## Directions for this task
Starting with the line that has "买南非醉茄,要看有没有认证和" and finishing with the line that has "章鱼纹身图案 多款身姿柔软的章鱼纹身图案", set down each line below exactly. Pictures are not copied.

## Records for this exercise
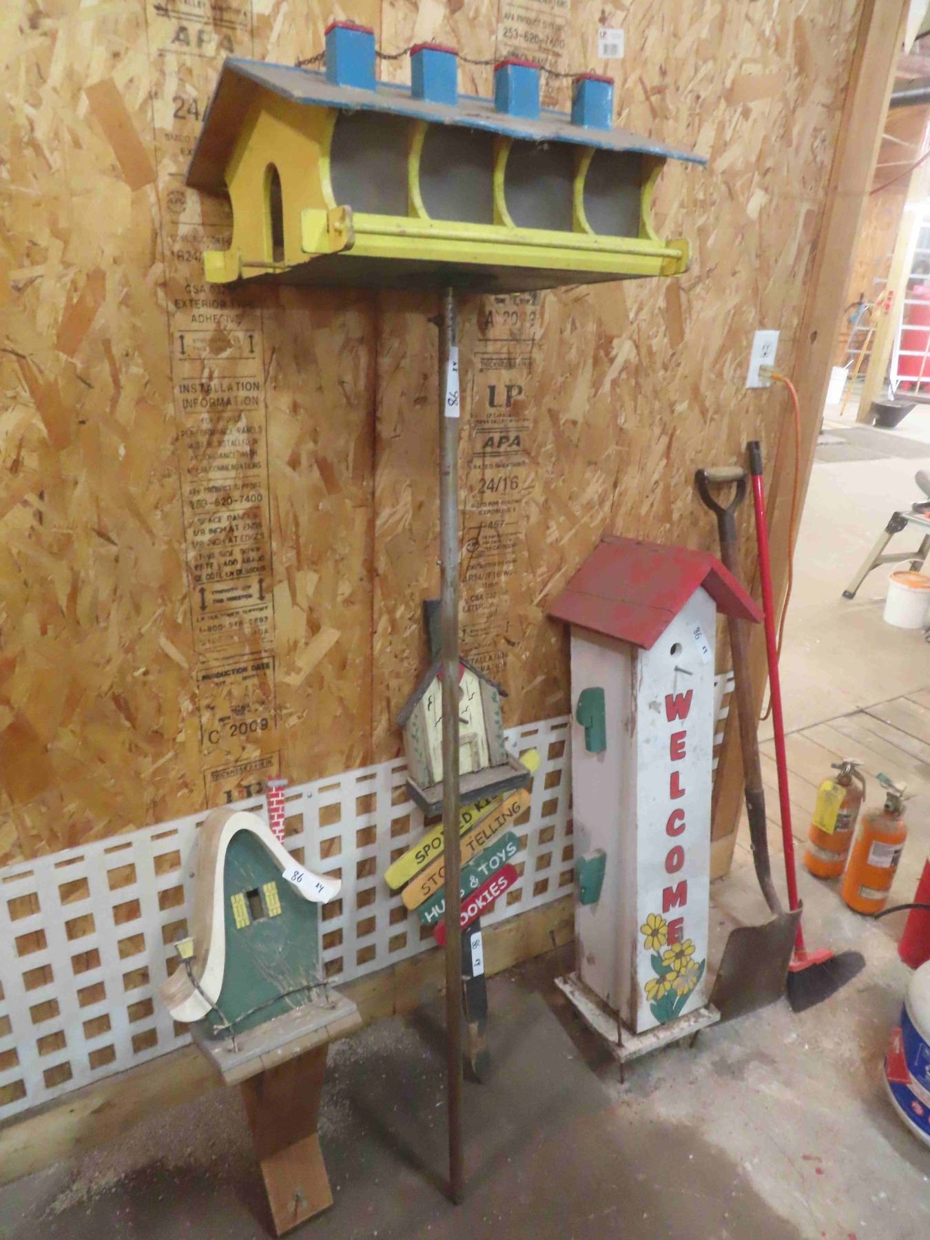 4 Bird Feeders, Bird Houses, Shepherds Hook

---

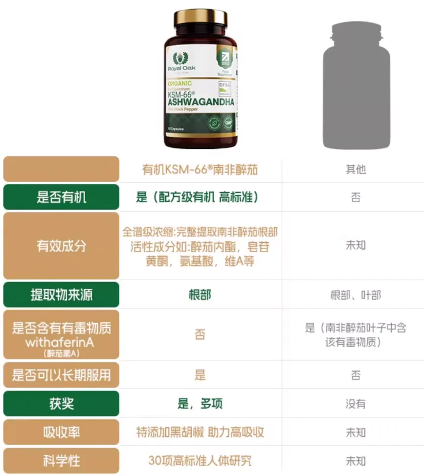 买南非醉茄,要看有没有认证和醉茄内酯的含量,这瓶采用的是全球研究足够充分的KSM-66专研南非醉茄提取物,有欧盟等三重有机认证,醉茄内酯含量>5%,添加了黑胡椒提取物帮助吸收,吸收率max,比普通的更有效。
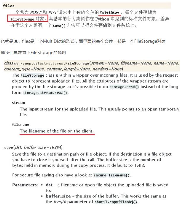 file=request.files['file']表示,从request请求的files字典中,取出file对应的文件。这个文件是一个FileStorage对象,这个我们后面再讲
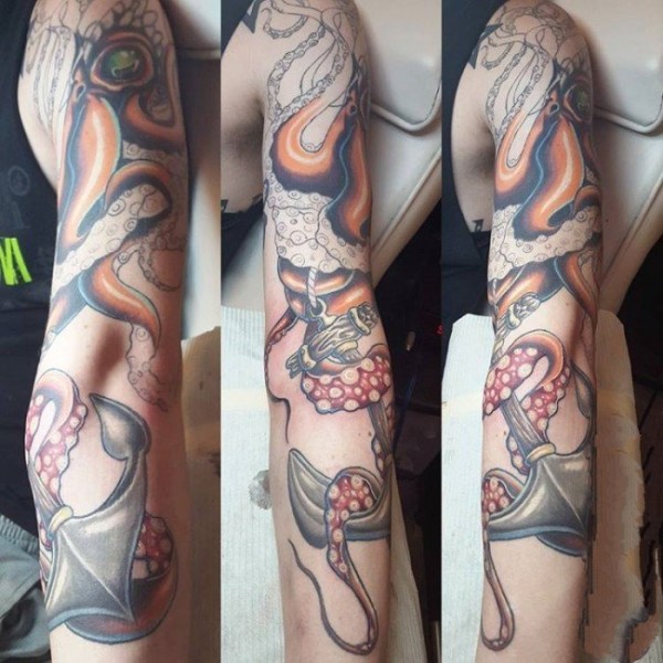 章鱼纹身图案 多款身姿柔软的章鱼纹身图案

## Answer area
 买南非醉茄,要看有没有认证和醉茄内酯的含量,这瓶采用的是全球研究足够充分的KSM-66专研南非醉茄提取物,有欧盟等三重有机认证,醉茄内酯含量>5%,添加了黑胡椒提取物帮助吸收,吸收率max,比普通的更有效。
 file=request.files['file']表示,从request请求的files字典中,取出file对应的文件。这个文件是一个FileStorage对象,这个我们后面再讲
 章鱼纹身图案 多款身姿柔软的章鱼纹身图案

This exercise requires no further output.